La femme sortit une cigarette
de sa poche.
« Le détective n'a pas posé
trop de problèmes? » Dit-elle, en l'allumant.
Dove
eut un petit rire sarcastique.
« Comment t'as
su? »
« Pidgeon me l'a fait
comprendre. »
« Ah! Sacré Pidgeon.
Non, le détective ne nous a pas grandement gênés.
Le pauvre a usé de malchance… »
Dove tapa dans
ses mains, faisant à la fois sursauter quelques corbeaux et
apparaître quatre autres colombes.
« Comment se
passe la surveillance du groupe Tengu? » Sa voix avait
pris un ton plus sérieux.
Raven le regarda un moment avant
de répondre.
« Ils ont eu Black Bird. »
Dove
jura, faisant s'envoler ses dix colombes.
« Ils ne
sont pas encore au courant de nos activités, Black Bird n'a
pas eu de chance.
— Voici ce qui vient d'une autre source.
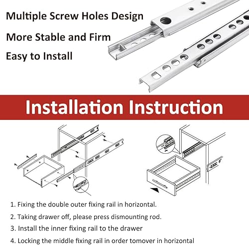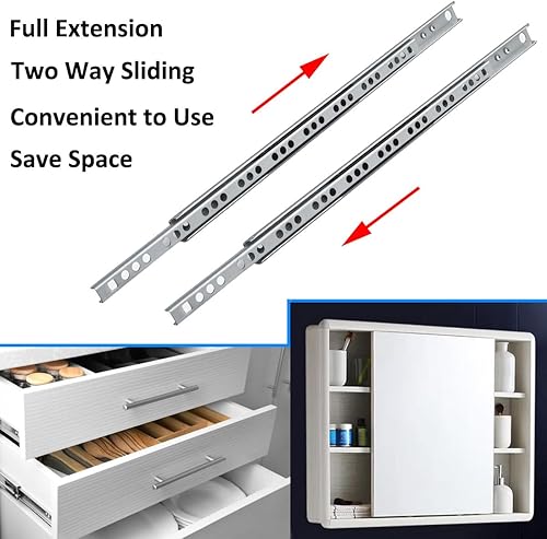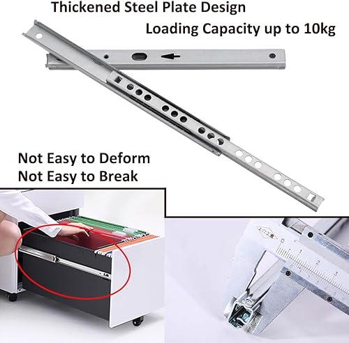 MOCNT 2 Paar (4 Stück) 374mm Schubladenführungen 17mm Nut Schubladenschienen Vollauszug Schubladenauszug Kugellager Stahl Schienen Schubladen Auszugsschienen Kabinett

Ils ne lui ont pas donné l'occasion de
parler… »
« Cependant je présume
qu'ils seront sur leurs gardes. » Ajouta Dove, l'air à
la fois déprimé et résolu.
« Exact. »
« Tu
as des demandes? »
La femme secoua la tête. « Pas
pour l'instant. »
« Bon, je te fais
confiance. » Il se détourna, avant
d'hésiter…
« Rien d'autre? »
Raven
eut un petit sourire.
« Rien, à part que je me
demande comment tu fais pour ne pas avoir chaud avec ta cape. »
Dove
émit un son amusé, avant de repartir, faisant un signe
d'au revoir d'une main gantée.
Raven resta un long
moment à l'ombre, dans son coin boisé. Ses yeux
reflétaient sa tristesse.
Encore un qui était
parti.
Jetant son mégot, elle regarda d'un air pensif le
groupe de corbeaux picorant tout prés.
Elle sortit un
marqueur de sa poche. C'était une pierre noire, ornée
d'une encoche.
D'un geste précis, elle le lança
au milieu des oiseaux vêtus de noir. Ils s'en allèrent
dans une cacophonie d'ailles et de croassements.